Mercury spills are treated seriously precisely because the substance is both toxic and difficult to fully contain once it breaks into small droplets, which is exactly what happens when a mercury thermometer shatters on a hard surface. Mercury vapour, released slowly as the liquid metal sits exposed to air, can be inhaled without anyone noticing at first, which is why the standard protocol calls for isolating the area, avoiding vacuum cleaners that could aerosolise the droplets further, and letting trained personnel handle the actual cleanup rather than school staff improvising with paper towels. The firefighters handled the cleanup using hazardous material procedures before handing the waste over to school authorities for proper disposal.

Many Malaysian school labs still rely on mercury thermometers for basic temperature readings, largely because they're cheap, durable for classroom use, and have been standard laboratory equipment for decades. Digital and alcohol-based alternatives exist and don't carry the same contamination risk if broken, but the shift away from mercury equipment in schools has been gradual rather than mandated, which means glass mercury thermometers are still common enough that an accidental drop like this one remains a real, if rare, possibility in classrooms across the country.

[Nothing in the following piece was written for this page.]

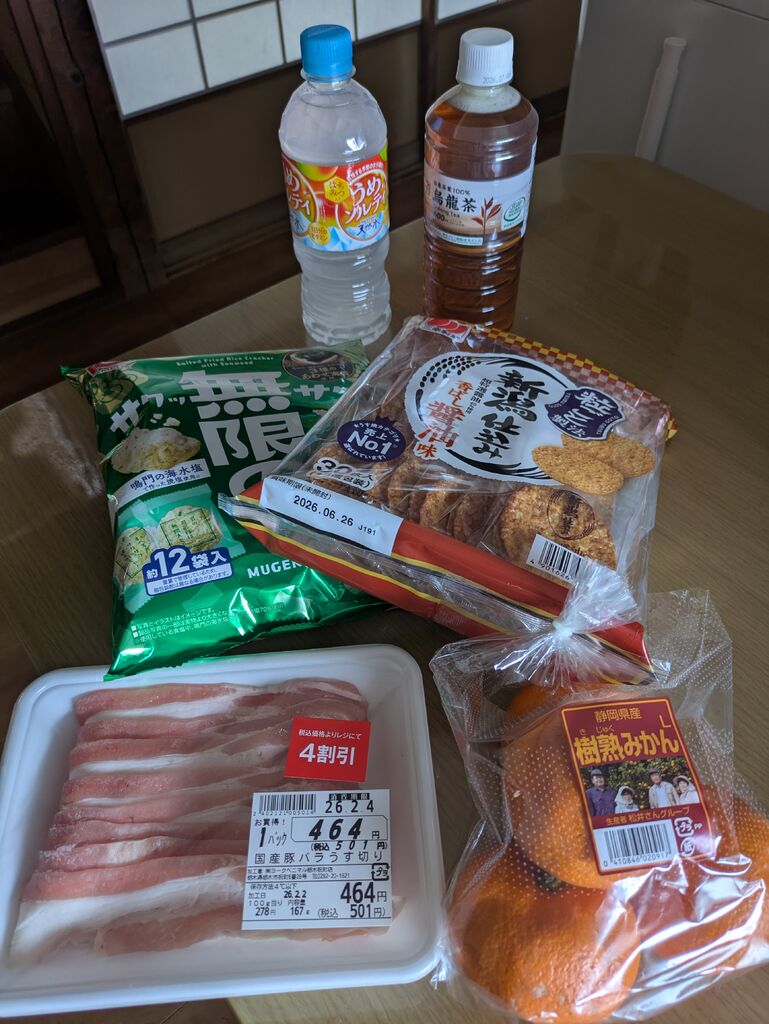 飲み物が欲しくて寄りました。店内ウロウロすると豚肉が安かった!夕方また買いに行こかな〜。お煎餅は売り出しでした。ラッキー! (訪問:2026/02/02)

It's a small incident by the standards of a news cycle that has recently included far more serious school safety stories, from stabbings to knife related altercations reported elsewhere this same week. But it's also a reminder that plenty of ordinary science labs in Malaysia still use equipment that carries real risk the moment it breaks, however rare that moment might be, and that the quiet, well drilled response from both the school and the fire department in this case is exactly what's supposed to happen when it does.